▸ **Exercise directions**:
For this exercise, retype the lines from the one that holds "Freshwater Pearls, 7-7.5mm" through the one that holds "- NOTIZIE STORICO" in the records below, both included, exactly and without pictures.

▸ **Available data**:

Start of Block

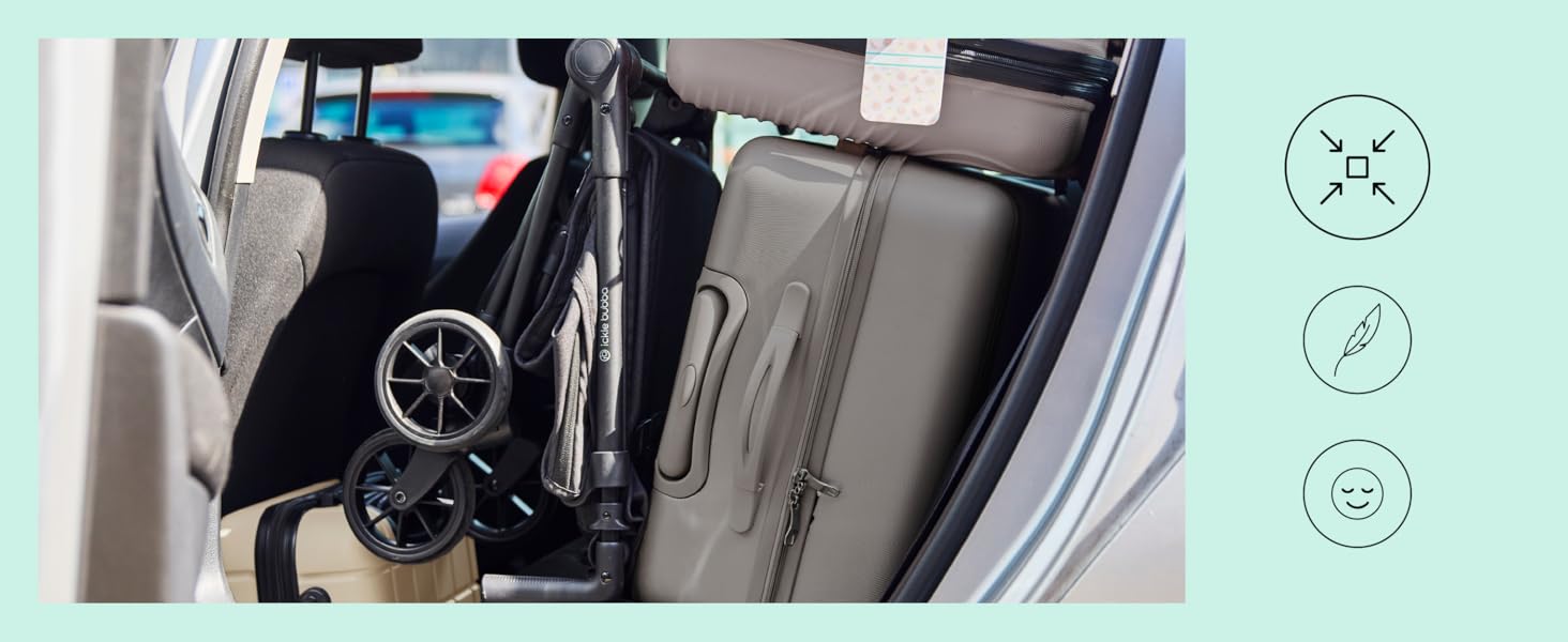 Compact 4.9kg fold fits car boots, buses, trains & overhead lockers*.
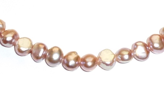 Freshwater Pearls, 7-7.5mm Pink, Side Drill Necklace. Finished with a choice of Silver Plated or Gold Plated Bolt Ring and Jump Ring, 42cm (17″) or Loose-Strung, 40cm (16″).
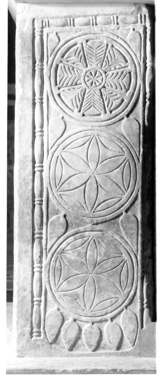 - NOTIZIE STORICO CRITICHE Riguardo agli elementi utilizzati nel pilastrino in questione, J. Serra (1961) nota la grande diffusione, in tempi e luoghi diversi, del motivo della rosetta geometrica esagonale, la cui origine risulta molto antica, e il fatto che la foglie lanceolate che pendono dai tre cerchi e dalla cornice del lato superiore sono identiche a quelle che compaiono nelle due lastre maggiori e nel pilastrino attualmente adoperato sul lato frontale dell'altare, nella parte destra. Da notare la disposizione simmetrica degli elementi che costituiscono la decorazione rispetto a un ideale asse verticale che passi per il centro della figurazione
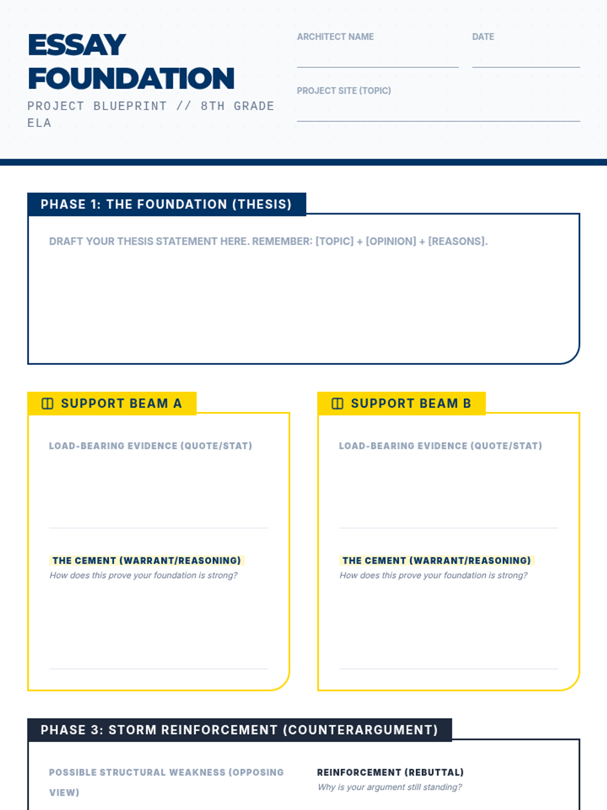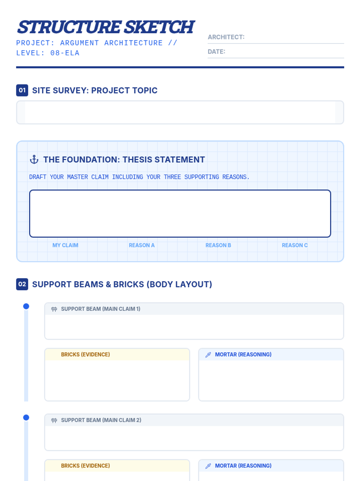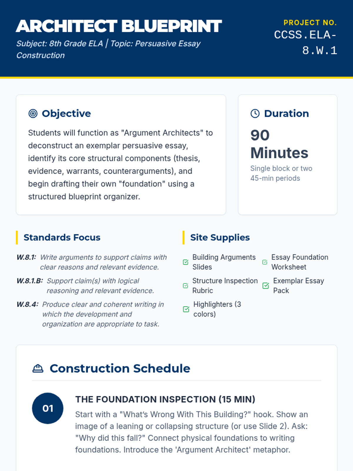 A comprehensive lesson where 8th graders learn to construct persuasive essays using an 'architectural' framework, focusing on thesis foundations, structural claims, and evidentiary reinforcement.
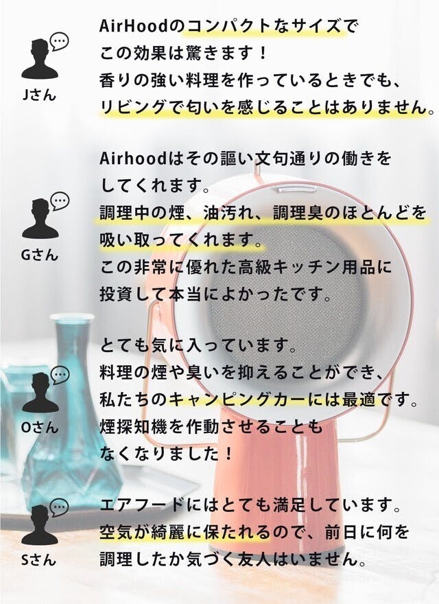 新しいエアフードを気に入っている。古いアパートで、煙や油を逃がすシュートがどこにもないんだ。Airhoodのおかげで助かっている。拭き掃除をする必要がなくなった。素晴らしい装置をありがとう。
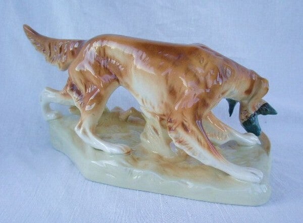 Antiek Royal Dux beeld – Ierse Setter met prooi (004)
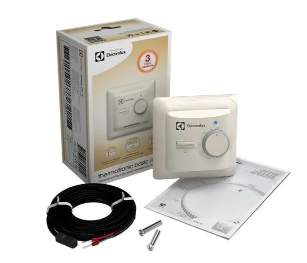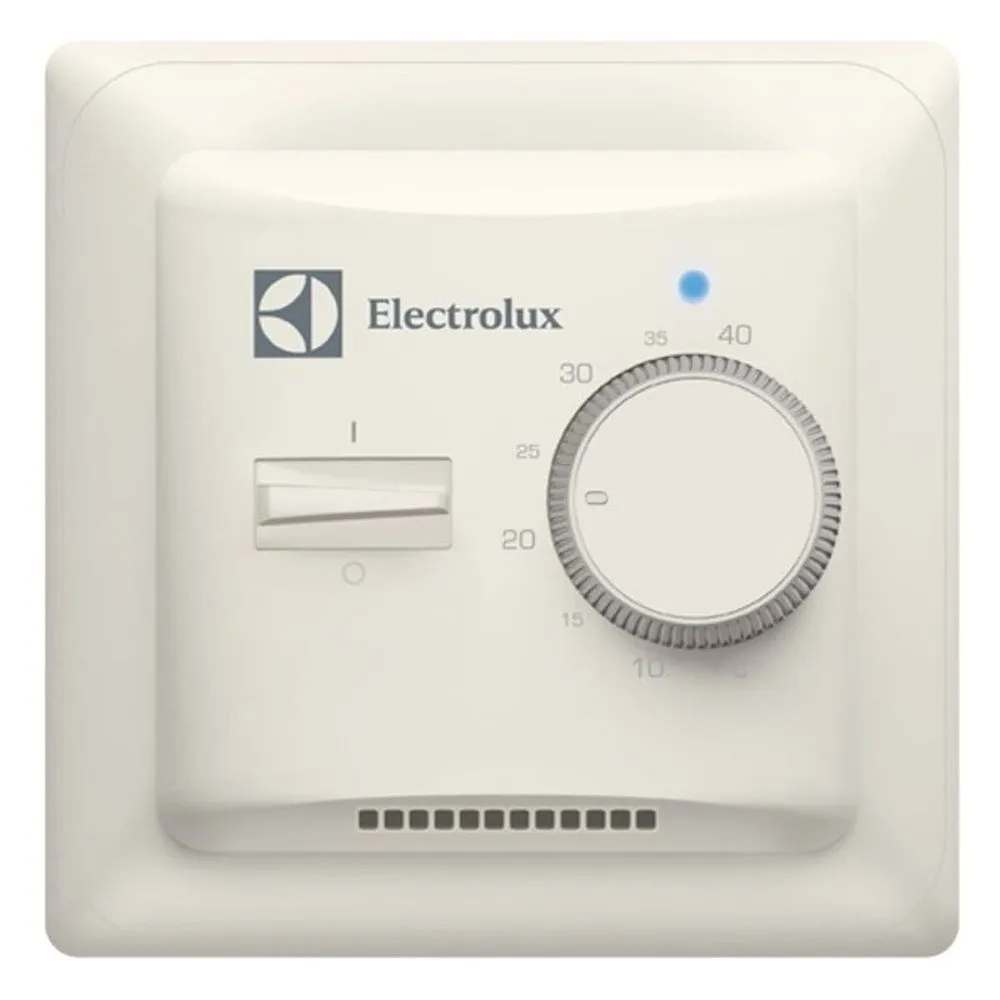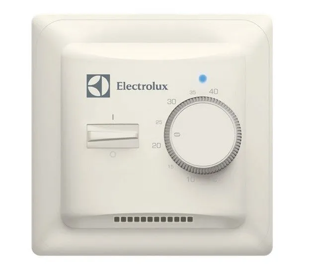 Электронный регулятор ETB-16 Electrolux с механическим управлением температуры пола и автоматическим её поддержанием на заданном уровне. Над регулятором находится светодиод, который покажет, что теплый пол в работе, когда температура достигнет установленного предела он отключится, либо поменяет цвет на зеленый или синий, в зависимости от модели.
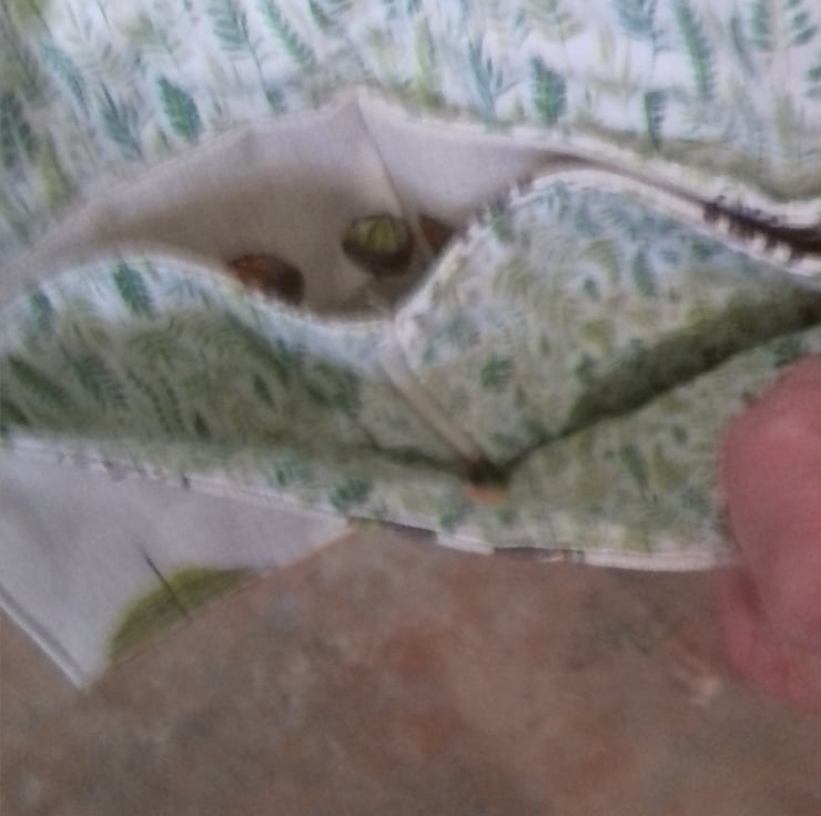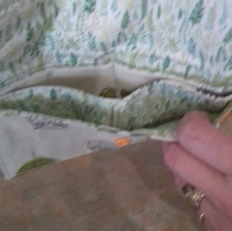 The lining of the purse is cotton fabric with small green leafy print on white background.
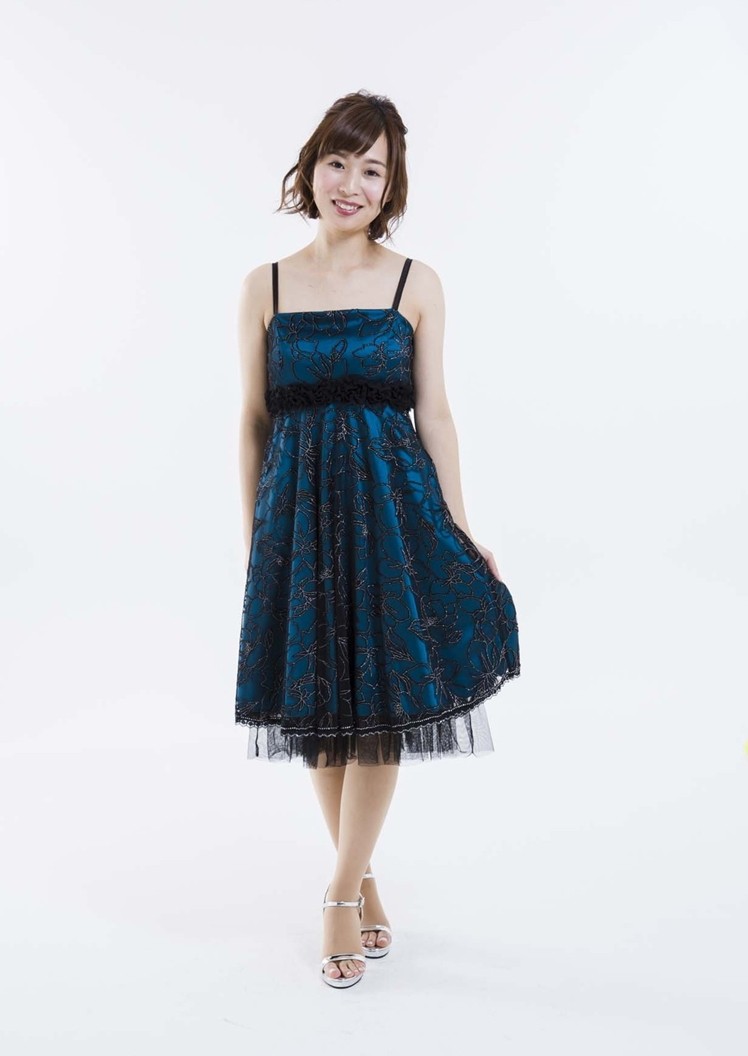 ・ウエストのお花ラインと裾から出るチュールレースが上品なドレスです。
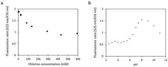 Authors have reported that some yellow fluorescent proteins are sensitive to chloride ions [42] or pH [43], altering the fluorescence properties of the biosensors in the presence of large concentrations in salt. To test this, we measured the fluorescence of biosensor 1 in the presence of an increasing concentration of potassium chloride at pH 7.4 (Figure 6a). The fluorescence ratio decreased from 1.9 to 0.9 with an increase in chloride concentration from 0 to 593 mM. Biosensor 1 was then tested in a wide range of pH, from 2.5 to 11, in the presence of 135 mM potassium chloride (Figure 6b). The results obtained showed that the fluorescence ratio varied with pH. It increased from 0.5 to 1.5 at pH 2.5 to pH 8 and then decreased to 1 at pH 11. These results confirmed those obtained by other teams, showing a sensitivity of the eYFP to chloride ions or pH in our biosensor.
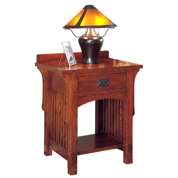 The Arts & Crafts 1 Drawer Night Stand features the traditional spindle sides to diffuse light and provide privacy of items stored on the bottom shelf. The leg features tenon caps as originally used on mortise and tenon joints during the period. The drawers are solid aromatic cedar with English dovetail joints on maple wood slides to provide the finest action.
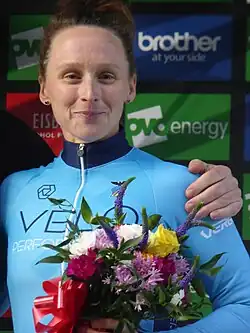 Joanna Louise Tindley (born 1 May 1987) is a British racing cyclist, who rides for UCI Women's Continental Team Smurfit Westrock Cycling Team.[2] Tindley was the winner of the sprints classification in the Tour Series in 2021 and 2022, and was the winner of the British National Circuit Race Championships in 2021.[3]
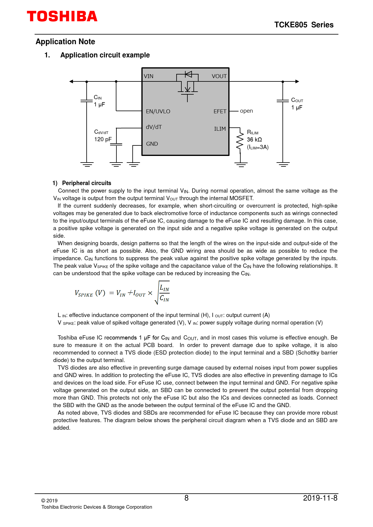 Connect the power supply to the input terminal VIN. During normal operation, almost the same voltage as the VIN voltage is output from the output terminal VOUT through the internal MOSFET. If the current suddenly decreases, for example, when short-circuiting or overcurrent is protected, high-spike voltages may be generated due to back electromotive force of inductance components such as wirings connected to the input/output terminals of the eFuse IC, causing damage to the eFuse IC and resulting damage. In this case, a positive spike voltage is generated on the input side and a negative spike voltage is generated on the output side. When designing boards, design patterns so that the length of the wires on the input-side and output-side of the eFuse IC is as short as possible. Also, the GND wiring area should be as wide as possible to reduce the impedance. CIN functions to suppress the peak value against the positive spike voltage generated by the inputs. The peak value VSPIKE of the spike voltage and the capacitance value of the CIN have the following relationships. It can be understood that the spike voltage can be reduced by increasing the CIN. L IN: effective inductance component of the input terminal (H), I OUT: output current (A) V SPIKE: peak value of spiked voltage generated (V), V IN: power supply voltage during normal operation (V) Toshiba eFuse IC recommends 1 μF for CIN and COUT, and in most cases this volume is effective enough. Be sure to measure it on the actual PCB board. In order to prevent damage due to spike voltage, it is also recommended to connect a TVS diode (ESD protection diode) to the input terminal and a SBD (Schottky barrier diode) to the output terminal. TVS diodes are also effective in preventing surge damage caused by external noises input from power supplies and GND wires. In addition to protecting the eFuse IC, TVS diodes are also effective in preventing damage to ICs and devices on the load side. For eFuse IC use, connect between the input terminal and GND. For negative spike voltage generated on the output side, an SBD can be connected to prevent the output potential from dropping more than GND. This protects not only the eFuse IC but also the ICs and devices connected as loads. Connect the SBD with the GND as the anode between the output terminal of the eFuse IC and the GND. As noted above, TVS diodes and SBDs are recommended for eFuse IC because they can provide more robust protective features. The diagram below shows the peripheral circuit diagram when a TVS diode and an SBD are added. 8 2019-11-8 © 2019 Toshiba Electronic Devices & Storage Corporation

End of Block

▸ **Task response**:
 Freshwater Pearls, 7-7.5mm Pink, Side Drill Necklace. Finished with a choice of Silver Plated or Gold Plated Bolt Ring and Jump Ring, 42cm (17″) or Loose-Strung, 40cm (16″).
 - NOTIZIE STORICO CRITICHE Riguardo agli elementi utilizzati nel pilastrino in questione, J. Serra (1961) nota la grande diffusione, in tempi e luoghi diversi, del motivo della rosetta geometrica esagonale, la cui origine risulta molto antica, e il fatto che la foglie lanceolate che pendono dai tre cerchi e dalla cornice del lato superiore sono identiche a quelle che compaiono nelle due lastre maggiori e nel pilastrino attualmente adoperato sul lato frontale dell'altare, nella parte destra. Da notare la disposizione simmetrica degli elementi che costituiscono la decorazione rispetto a un ideale asse verticale che passi per il centro della figurazione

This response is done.